Why does he have both a gun and a sword?  UNASK THE QUESTION.
The movie takes just about every catchphrase associated with the old toys and cartoons which made GI Joe such a beloved part of my pop-culture addled childhood and ham-fists them into the script. E.g., early on our two POV characters are rescued from an ambush by the current Joe team, loaded onto a jet, and flown back to the secret GI Joe headquarters. On the jet they receive medical attention including, presumably, morphine. As one of the characters, Ripcord, is getting a little loopy under the drugs, he reaches out and touches the head of one of his rescuers. “Man, you got some real lifelike hair,” Rip trippily observes. Since the observee is a dude, said dude grabs the drugged Ripcord by the wrist to force him to let go. “Ow, and a kung-fu grip!” The fact that Ripcord is high on morphine when he utters these non-sequitors (which are of course selling points that would have been emblazoned on GI Joe action figure boxes back in the day) is one of the most logically defensible things that happens throughout the movie. The rest of it would make anyone looking for logical consistency shout at the screen “What is going on? What just happened? Why would they do that?” for basically the entire running time. But turn off your brain, and it’s just a couple of hours of expertly choreographed and shot fight scenes and explosions and so forth.

It may sound like I’m being sarcastic, but I’m honestly not. I do think there is a time and place for mindless entertainment in the form of delivery vectors for CGI carnage. Or even pencil-and-paper carnage. A different buddy and I were discussing comic books a week or two ago, which led naturally into talking about comic book fans themselves, and how a certain vocal subset of them hate when the publishers make large-scale changes to their offerings, particularly when the fans can envision ways that things could have stayed the same and still made sense. (For instance, Superman has been around since the late 30’s, and also is portrayed as if he’s in his late 30’s. The comic book makers explain this away with sometimes-vague, sometimes-hyperspecific statements about how Superman only landed as a baby on earth 30-some years ago, and any stories the fans may be familiar with which certainly seem tied to a certain place and time in the more distant past either never happened, or happened in some convolutedly different way, etc. So Superman’s fictional history, unbound by the laws of time and space and causality and so forth because, again, FICTIONAL, is ever-changing. But lots of people hate change, and so.) My buddy and I agreed that this vocal subset is largely missing the point, and one way of clearly stating the point is to say “internal consistency is overrated”.

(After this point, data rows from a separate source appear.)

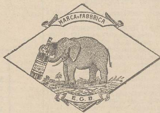
Marca speciale depositata.
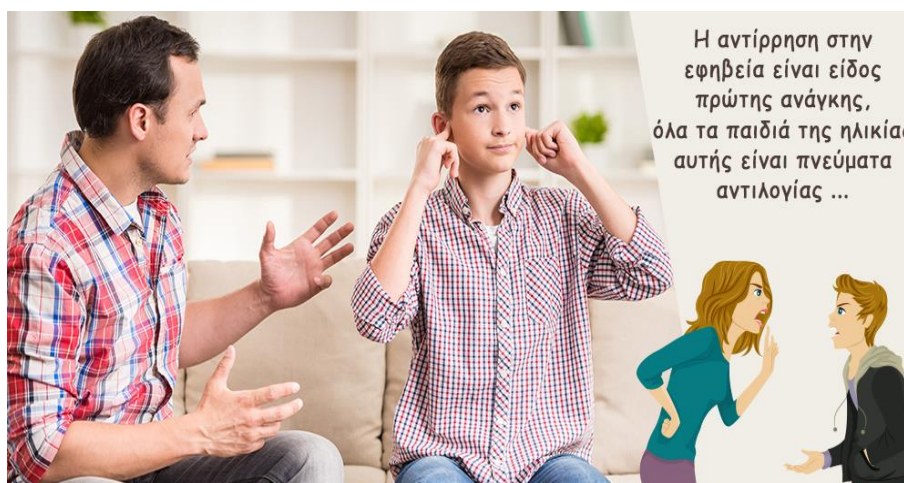
Εικόνα 1. Η αντιδραστική συμπεριφορά των εφήβων

Η εφηβεία είναι μια περίοδος προσαρμογής σε νέες καταστάσεις και απαιτήσεις, όπως η σχολική ζωή, οι φιλίες, οι συναισθηματικές σχέσεις, οι ευθύνες και οι προκλήσεις που παρουσιάζονται στον επαγγελματικό τομέα (Βλ.Εικ.2.). Η ικανότητα προσαρμογής και η αντιμετώπιση των προκλήσεων κατά την εφηβεία είναι σημαντική για την ανάπτυξη και την ωρίμανση (Cole & Cole, 2002).
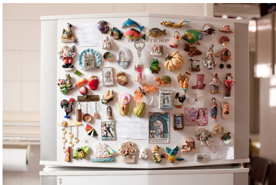
Angélica Dass (Brasil)
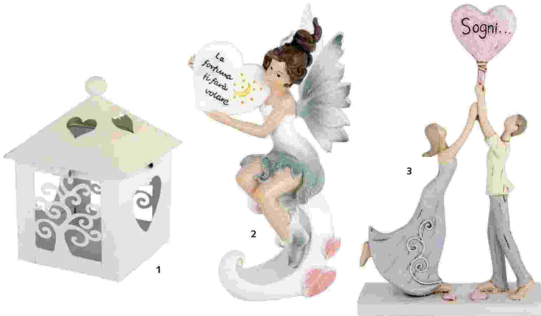
1-2-3. Dalla neocentenaria azienda ETM, alcune originali novità 2020: la scatolina Lanterna in metallo colorato, la fatina Desirella, portafortuna in resina, e la coppia Lovers in polvere di marmo ( www.etm.it )
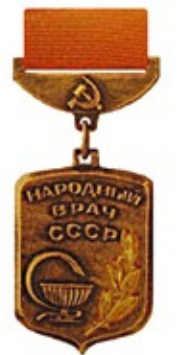
Рис. 11. Знак «Народный врач СССР»

Лицам, удостоенным звания «Народный врач СССР», вручались грамота Президиума Верховного Совета СССР и нагрудный знак установленного образца, носимый на правой сторо-
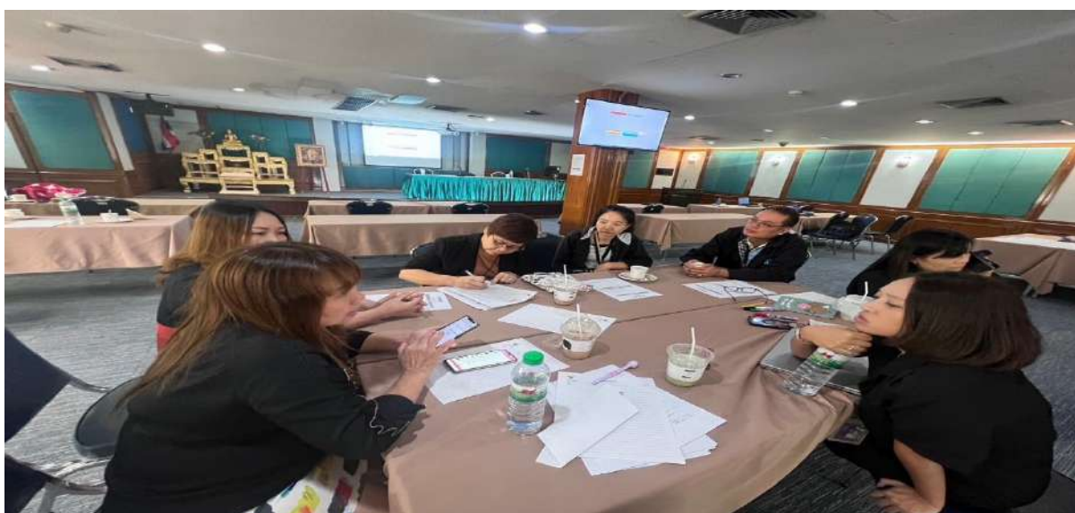
ภาพที่ 3 - 4 เจ้าหน้าที่หน่วยเลขานุการกิจเข้าร่วมประชุมเชิงปฏิบัติการฯ
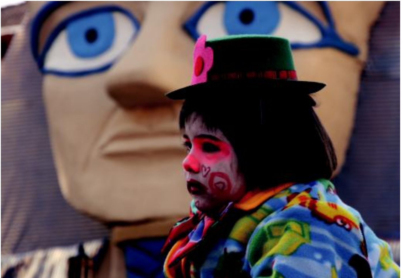
Atzo ere jendez bete ziren kaleak, batez ere, San Frantzisko pasealekua, eta mozorro eta karroza asko ikusi ahal izan ziren egun osoan zehar. I. TERRADILLOS

Asteazkena, 2012ko otsailaren 22a. IX. urtea. 2.367. zenbakia. tolosaldea.hitza.info
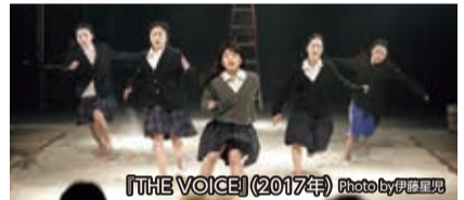
『THE VOICE』(2017年)

大切なひとを失った人々。その悲しみの底から立ち上がらせてくれたのは、亡くなった人の声でした……。映画監督であり、脚本家、演出家の戸田彬弘が、東日本大震災で出会った人々に向き合いながら、フィクションの可能性を問いつけた映画。2017年に舞台化した本作をリメイクしてお届けします。
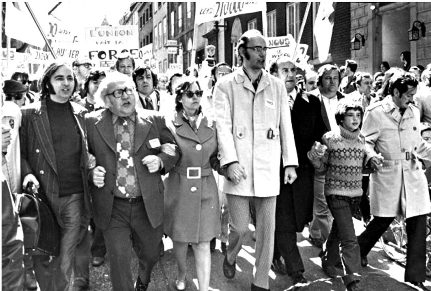
Manifestation du Front commun de 1972 dans les rues de Québec. Participant à la manifestation les chefs des trois centrales syndicales : Louis Laberge, FTQ (deuxième à partir de la gauche), Yvon Charbonneau, CEQ (quatrième) et Marcel Pépin, CSN (derrière M. Charbonneau).
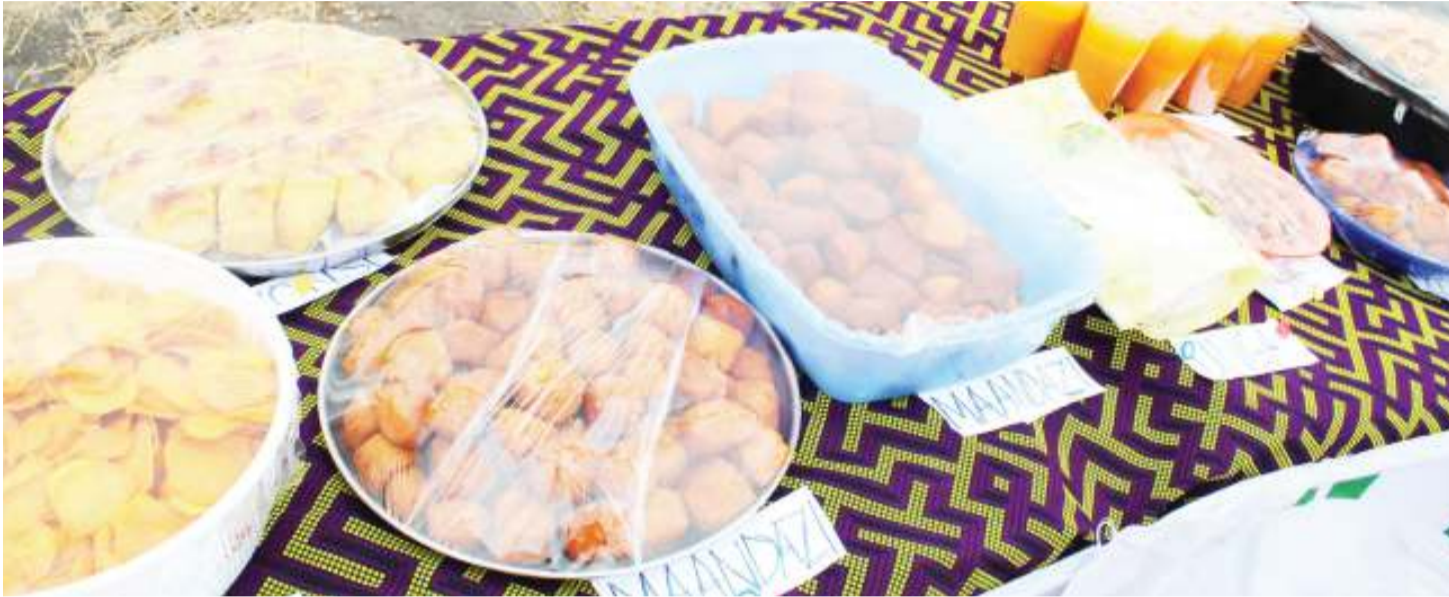
Baadhi vyakula vinavyoangukia katika kundi la lishe bora.

L ISHE bora ina umuhimu mkubwa sana kwenye maisha ya watu. Ulaji wa chakula chenye lishe bora inasaidia kuzuia utapiamlo wa aina zote.
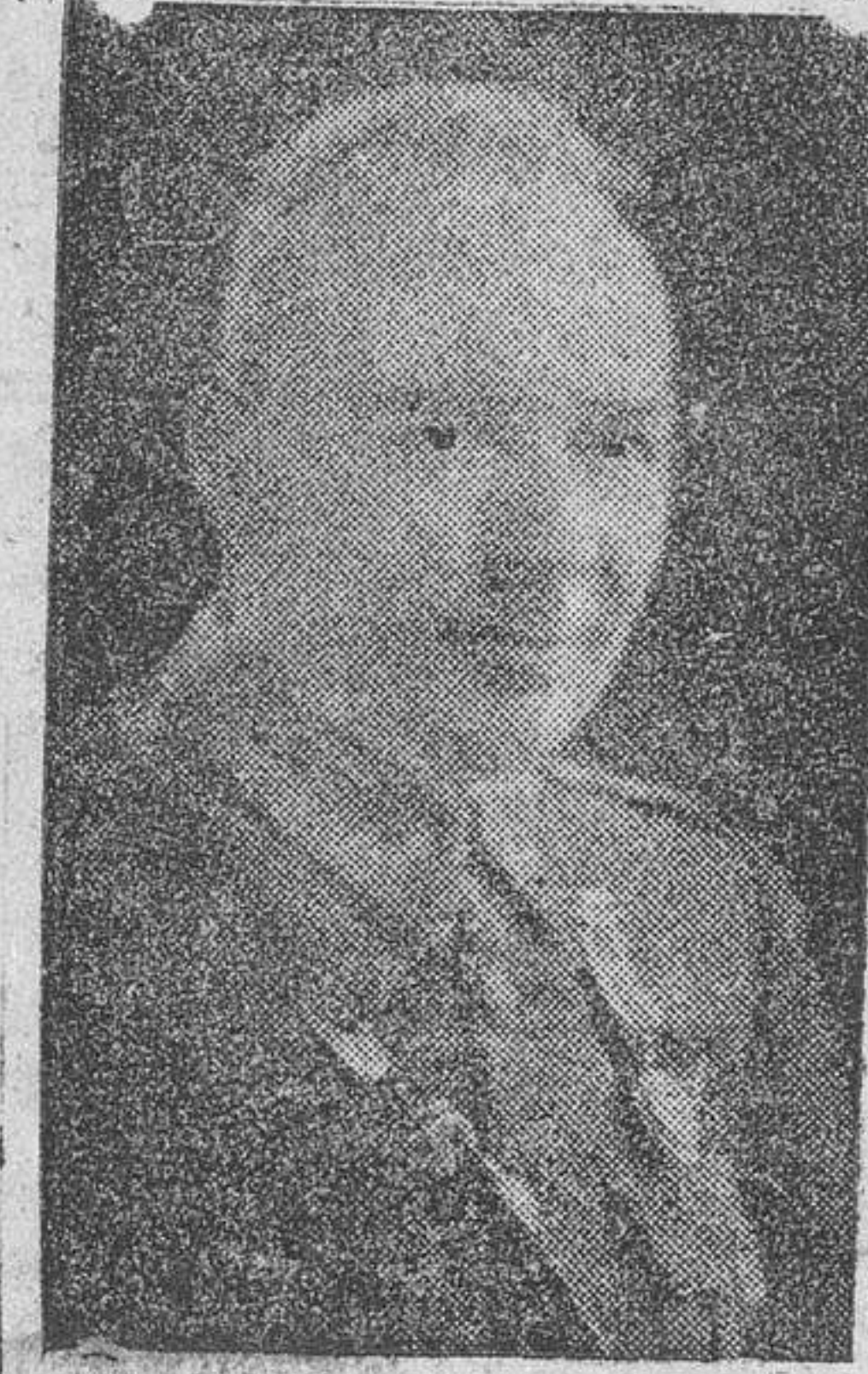
GENERAL MARTIN ALONSO Nuevo jefe de la Casa Militar de Su Excelencia el Jefe del Estado

Decreto por el que se concede a los miembros del Cuerpo Diplomático acreditado en España. GOBERNACION.—Decreto por el que se regula la norma para aumento de precios unitarios de obras ejecutadas por el Ministerio de la Gobernación con posterioridad al primero de abril de 1946, mediante el procedimiento de subasta o concurso.
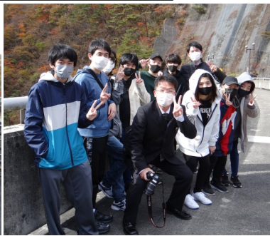
鳴子ダム自由見学中の2年生の様子

当日は天候にも恵まれ、紅葉真っ盛りと絶好の見学日和となりました。鳴子ダムより、鳴子温泉駅、鳴子峡、あ・ら・伊達な道の駅の順で見学をしました。一人一人がマナーや時間を守り、行程通りに巡ることができました。夕方から登校する普段の学校生活とは異なり、朝から夕方までの1日行事となりましたが、全行程が終了し解散する際の生徒の表情には充実感が見られました。地元宮城県を代表する観光地に足を運び、様々なことを感じた進路見学会での経験は、生徒にとって充実した1日となりました。
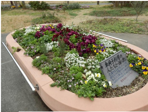
車いす利用の人たちと一緒に楽しめる花壇
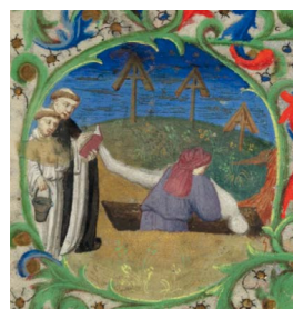
ILUSTRACIÓN 11a. BL Add MS 18850, f. 120r (detalles)
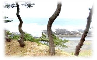
大砲場跡から海を臨む

中山崎の砲台跡3カ所を散策します。中山崎の中程には、当時の砲台跡が絵図の通り、現在でも残っています。砲台跡からの眺めをご覧ください。
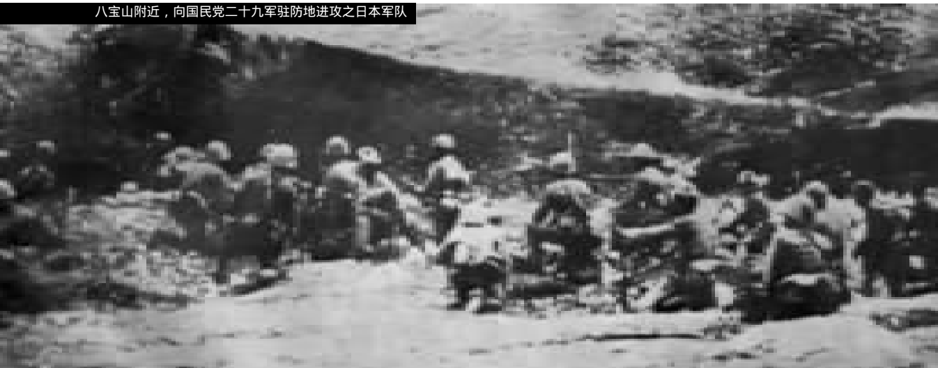
准备向卢沟桥进攻之日军
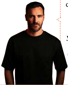
Saúl Craviotto Piragüista

Para que nuestra voz llegue más lejos nos hemos apoyado en algunas figuras públicas del deporte.
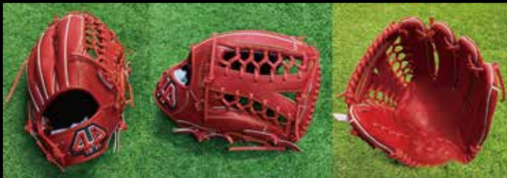
基本型 外野用 7-② 素材 USステアレザー カラー Fオレンジ inch 13
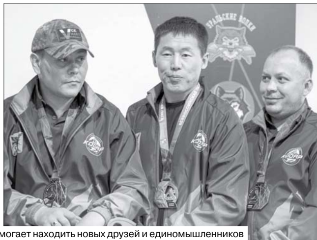
Спорт формирует командный дух, помогает находить новых друзей и единомышленников

командой «Ратник» из Марий Эл, победив со счётом 5:1.
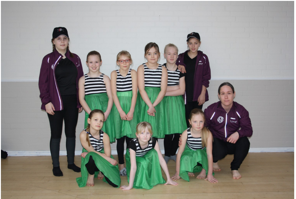
Dans/funk 1. - 4. klasse
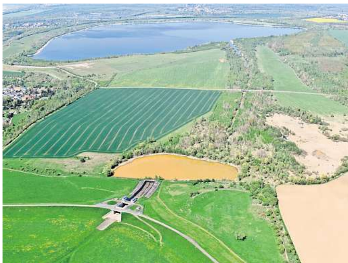
Blick auf das Speicherbecken Borna (oben) von Süden; links die Ortslage Regis

Bis zur Realisierung gilt für die Adria und ihr Umfeld: Nutzung möglich „unter Verhaltensanforderungen“, die das Sächsische Oberbergamt erlassen hat. Heißt: Der Schäfer darf seine Tiere weiden, damit das Gelände nicht zuwächst. Der Fischer darf auf das Wasser wie die Talsperrenverwaltung. Der Surfclub Sachsen, der am Ostufer sein Camp hat, muss indes an Land bleiben, darf seinen Stützpunkt aber nutzen. Für Spaziergänger kennzeichnen Verbotsschilder im Abstand von 50 Meter die Tabu-Zone um den Speicher. ES
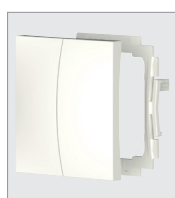
9080027, bascule double
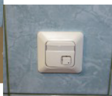
Туалет для маломобильных групп населения. Трассовый вызов.

На первом этаже располагаются пост охраны, две группы для самых маленьких детсадовцев, кабинет педагога-психолога «Умничка», столовая для персонала, пищеблок, медицинский блок, прачечная с гладильной, помещение для уборочного инвентаря с местом для приготовления дезинфицирующих средств (такое помещение предусмотрено на каждом этаже) и лифт.
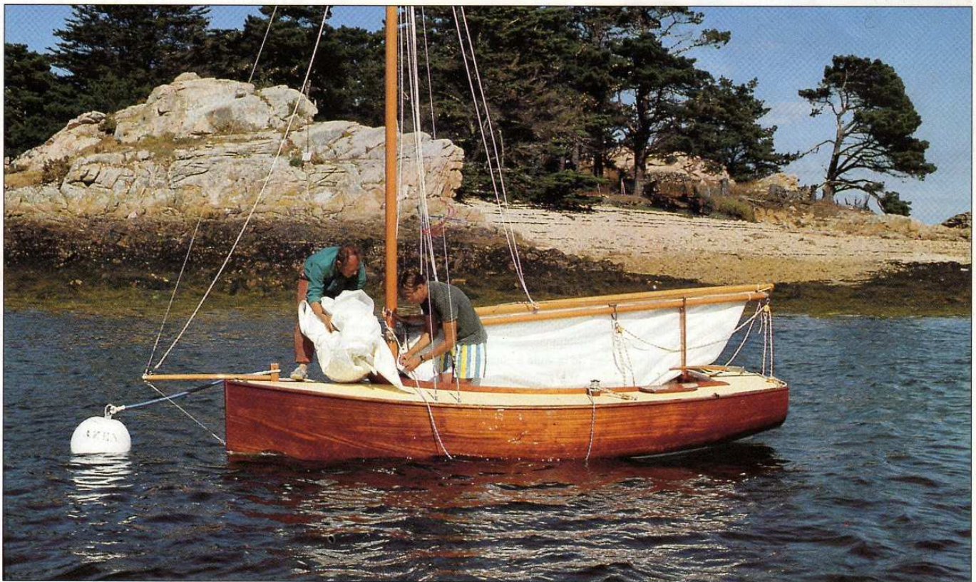
Pen Azen devant l'île Logodec, dans le petit mouillage de la Chambre.

La coque et les espars ont reçu huit couches de vernis. Le pont est protégé par une peinture antidérapante passée sur un primaire alu. Quant aux œuvres vives, une couche d'anti-fouling blanc recouvre une sous-couche de même couleur. L'ensemble de ces produits est du type polyuréthane mono-composant bien adapté aux constructions en bois classique. Le plancher a été traité avec un produit de saturation, cinq couches de Deks Olje .
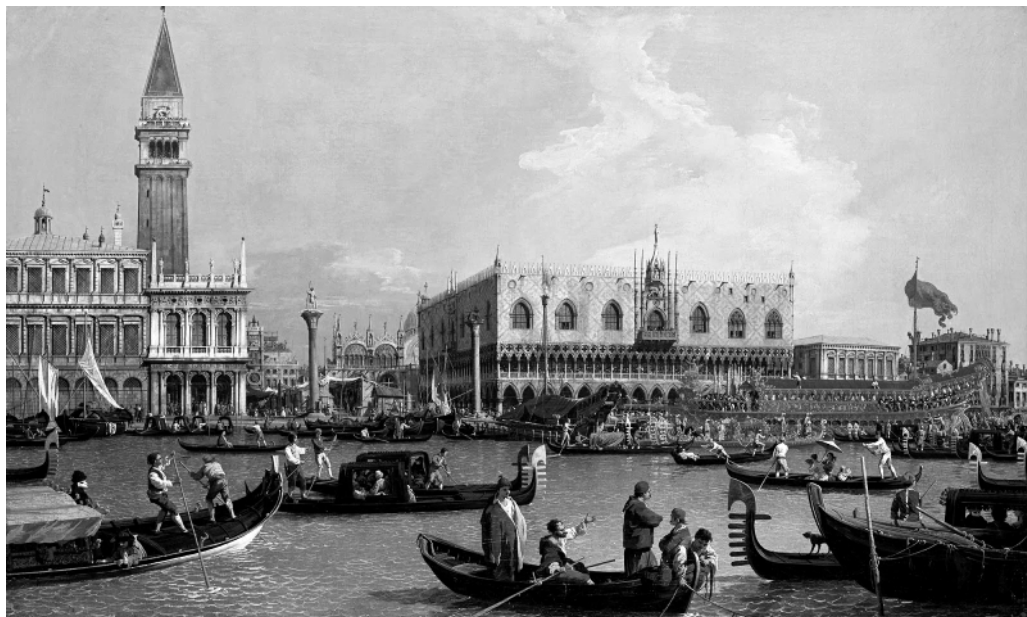
Άπό τήν Μεσαιωνική Βενετία

And I’m coming to very strongly believe that, not just as a phrase that came up once but as great entertainment-consumption advice. It’s not that internal consistency doesn’t matter at all. It’s not that stories can’t be both logical and amusing, that you always have to expect coherence to be sacrificed in the name of pure unadulterated awesome. But it is a caution against getting one’s priorities all out of whack. I suppose the full expression of the axiom is “When internal consistency is considered the most important thing, it is overrated.” But that happens so often, especially among continuity-obsessed detail-oriented nerds, that it almost goes without saying. Geek culture (my culture, I admit) tends to overrate these kind of things. And get mocked for it, and rightly so. But there are rewards to be reaped for letting it go (sometimes, within reason, etc.) That makes it a good mantra as far as I’m concerned.

Tuesday, July 26, 2011

Besieged

I skipped work (and blogging) yesterday, because I gave myself a personal leave day to take care of various and sundry things around the house. The dire fact is that most if not all of the major kingdoms of the biological world were encroaching on our domicile in increasingly hard to ignore ways.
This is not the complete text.